# How to release watch command without fully releasing?



## Wolfhund (Aug 17, 2017)

I am training for duration for the watch command i.e. his eyes are focused on my eyes. My issue is finding a release command for the watch command without fully releasing a command he is already in.

For example, I place my dog in down stay or sit stay and then give a watch command. I am trying to figure out a release for the watch without also releasing the down stay or sit stay, so he is still in a stay but he can look around as he pleases. 

This is the same for focused heeling. Let's say we are heeling and his eyes are focused on me, but I want to release him from the eye contact so he can look ahead and observe the environment without releasing him from the heel. I can't find much on how to approach this training issue.


----------



## tim_s_adams (Aug 9, 2017)

I'm not a professional dog trainer by any stretch of imagination, so I was waiting to hear what the pros on here were going to suggest...

But I can tell you how I'd approach this. You'll need a new release word, obviously, and I'd introduce it by marking when the dog looks away. I would start in the down-stay position, just waiting long enough for the dog to look away on his own. Then mark the behavior with the new command and praise/treat/toy while maintaining the down-stay. Eventually the dog will get the meaning. And since you're using a new command, there should be minimal confusion on your current release command.


----------



## wolfy dog (Aug 1, 2012)

Watch him form the corner of your eyes and wait. As soon as his eyes 'wander', give it a name and he eventually pairs it with the behavior. I would stand right next to him at first to prevent him from breaking the stay. Keep us posted. This is an interesting and possibly a tough one too.


----------



## dogma13 (Mar 8, 2014)

Maybe you are over thinking this?The 'watch' is over when you break eye contact.No need for a verbal cue.


----------



## tim_s_adams (Aug 9, 2017)

dogma13 said:


> Maybe you are over thinking this?The 'watch' is over when you break eye contact.No need for a verbal cue.

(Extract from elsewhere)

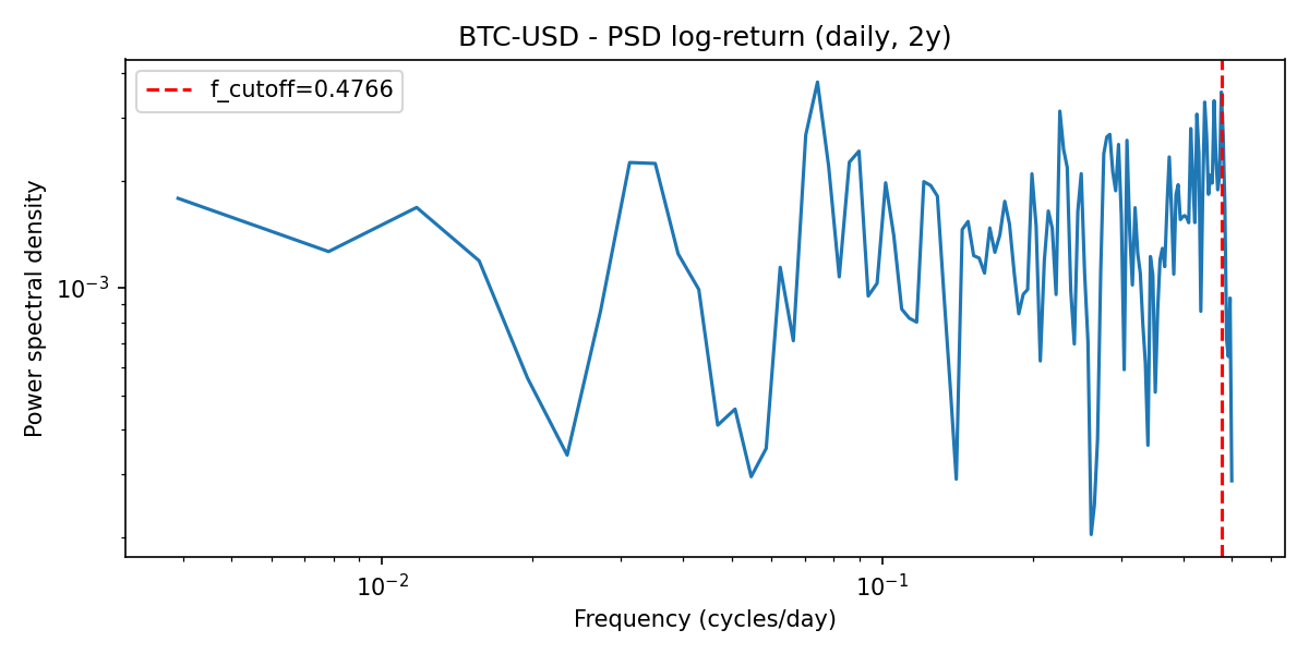 I ran a spectral analysis of Bitcoin using two years of daily log-return data. The goal was to identify whether the BTC/USD market exhibits any periodic structure: recurring rhythms, dominant cycles, or predictable frequency bands at the daily resolution.

The KISS principle in action! Wish I'd have thought of this.


----------



## Wolfhund (Aug 17, 2017)

dogma13 said:


> Maybe you are over thinking this?The 'watch' is over when you break eye contact.No need for a verbal cue.


Good thought, but there are times where I want him to look at my eyes/face, but I don't necessarily want to reciprocate that by looking at his eyes. For example, in focused heeling, I am looking straight ahead, but want his eyes focused on my face or eyes.


----------



## Wolfhund (Aug 17, 2017)

Trying to think of a cool specific release command for the watch command. Any ideas? First one that popped in my head was OBSERVE. Your ideas would be appreciated! Thanks


----------



## tim_s_adams (Aug 9, 2017)

I like focus.


----------



## Wolfhund (Aug 17, 2017)

"AT EASE" popped in my head.


----------



## Wolfhund (Aug 17, 2017)

I wonder if Gun Dogs have some good watch release commands.


----------



## dogma13 (Mar 8, 2014)

Wolfhund said:


> Good thought, but there are times where I want him to look at my eyes/face, but I don't necessarily want to reciprocate that by looking at his eyes. For example, in focused heeling, I am looking straight ahead, but want his eyes focused on my face or eyes.


If I'm understanding you correctly,you want your dog to transition from a focused competition type heel to an informal heel?Which would be a whole other state of mind?If so it seems you would need to free him from the focused heel,reward,go on to the informal heel and 'observe'.


----------



## Wolfhund (Aug 17, 2017)

dogma13 said:


> If I'm understanding you correctly, you want your dog to transition from a focused competition type heel to an informal heel?Which would be a whole other state of mind?If so it seems you would need to free him from the focused heel, reward, go on to the informal heel and 'observe'.


Well that is something I might want to explore as well like if I am practicing focused heeling and want to switch him to a relaxed heel or structured walk. But there are multiple issues here. I am training for French Ring and want to do Mondioring at some point. I don't know if there is a reason to do this in French Ring, but I have heard some trainers say that in Mondioring you want to switch from focused heeling to a heel where the dog can observe the field ahead so they don't get surprised by anything. Michael Ellis uses a walk command, which I assume is still a heel in every other sense, but the only difference is that your dog is not focused on you, but is able to look ahead and observe the surroundings. So instead of a walk command, maybe just releasing the watch command might be another way to do this? I'm still thinking of the best way to approach this.

The next training issue would be separate from heeling but I just foresee certain situations that could arise where my dog is already in one command and there is a high distraction in the environment that I don't want him to be distracted by so I would want him to focus on me with a watch command. Once the distraction has passed I would not need to him keep intense focus on me, but would not want to fully release him from the original command but allow him to be released from the watch or intense focus, so he can relax a bit, but still maintain the original command whether it be a sit stay or down stay or stand stay or whatever else. One solution would be to make all stays an implied watch, but that would be too much work to maintain in training IMO. So a release for only the watch command seems to be the better solution.


----------



## dogma13 (Mar 8, 2014)

Ok!Makes sense now!I have no experience in those venues unfortunately.If you're wanting to string behaviors together for a specific sport I'm going to be no help at allI do like your 'observe' command.


----------



## Deb (Nov 20, 2010)

I always teach a 'with me' command, heeling next to me relaxed, first. When they know that I add in a Fuss command, a focused heel. I can then switch between the two as needed. Now, I don't compete, so not sure if this is exactly what you mean.


----------